Keputusan untuk keluar dari pekerjaan masing-masing salah satunya didasari oleh keinginan untuk memiliki momongan. “Kami ingin punya momongan, jadi ikut program dan mengurangi kesibukan. Meskipun setelah mendirikan usaha, ternyata juga tidak kalah sibuknya,” tutur Rizqi  sembari tersenyum.

Seperti kebanyakan karyawan yang keluar dari pekerjaan untuk berwirausaha, keputusan yang diambil pasutri ini ibarat lompatan untuk keluar dari zona nyaman. Namun dengan ketekunan dan tekad bulat, keputusan untuk beralih menjadi wirausaha itu kemudian berbuah manis. “Kalau kos-kosan sebelumnya, kita paling penghasilan sekitar Rp 600 ribu dari 6 kamar. Kalau sekarang, itu bisa jadi penghasilan kotor dari dua hari,” tutur Bela.

Tentu saja, selayaknya bisnis pada umumnya, usaha Kancaku kafe ini juga mengalami pasang surut. “Biasanya tantangannya kita sepi kalau pas libur kuliah. Karena market kita memang di kalangan mahasiswa yang kuliah di sekitar sini,” jelas alumnus Fakultas Tarbiyah IAIN Jember dan FKIP UIJ ini.

Ide awal untuk mendirikan tempat usaha yang menggabungkan konsep kafe, taman baca dan toko buku, terinspirasi dari sosok sang ayah Bela, (almarhum) Saifuddin Mujtaba. Semasa hidupnya, Saifuddin yang merupakan dosen senior dan mantan dekan Fakultas Syariah IAIN Jember (saat itu masih bernama IAIN Jember), sangat menggemari dunia literasi.

Tidak hanya mengoleksi banyak buku, sang ayah juga cukup aktif menulis puluhan judul buku bertemakan ke-Islaman, sesuai disiplin ilmunya. Selain menjadi dosen dan penulis buku, Saifuddin juga memiliki usaha toko buku.

“Semula kita ingin melanjutkan usaha toko buku milik Abi (ayah, Red).

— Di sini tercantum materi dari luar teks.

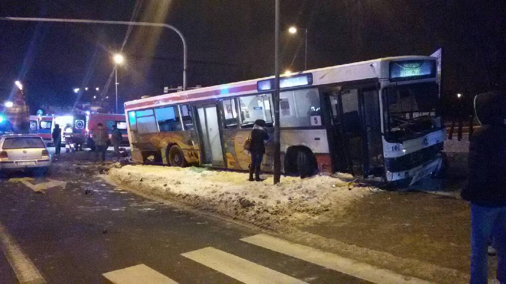 Ze wstępnych ustaleń funkcjonariuszy wynika, że 47- letni piotrkowianin kierujący autobusem komunikacji miejskiej jadąc ulicą Kostromską w kierunku ulicy Dmowskiego nie ustąpił pierwszeństwa przejazdu, w wyniku czego doprowadził do zderzenia z pojazdami osobowymi renault megane i volkswagen polo. Kierowcy samochodów osobowych jechali ulicą Sikorskiego w kierunku miasta. Kierujący autobusem przejeżdżał skrzyżowanie przy włączonej pulsującej światłem pomarańczowym sygnalizacji świetlnej. W wyniku zdarzenia 9 osób doznało obrażeń ciała. Poszkodowani w zdarzeniu zostali przewiezieni do szpitali w Piotrkowie Trybunalskim i Bełchatowie. Trzy osoby spośród nich po udzieleniu pomocy medycznej zostały zwolnione do domu. Na szczęście w groźnie wyglądającym wypadku nie było ofiar śmiertelnych. Kierowca autobusu oraz 23- letni mężczyzna kierujący samochodem renault i 20- letni kierowca volkswagena byli trzeźwi. Policjanci wyjaśniają dokładne przyczyny i okoliczności zaistniałego zdarzenia drogowego.

Tetapi setelah kita diskusi dengan Umi (ibu, Red) dan kakak, katanya toko buku itu paling cuma ramai 3 bulan sekali,” tutur Bela.

Lantas tercetuslah ide untuk mendirikan tempat usaha dengan menggabungkan tiga konsep tersebut: Kafe, taman baca dan toko buku. “Kebetulan di rumah ada banyak novel,” lanjut Bela.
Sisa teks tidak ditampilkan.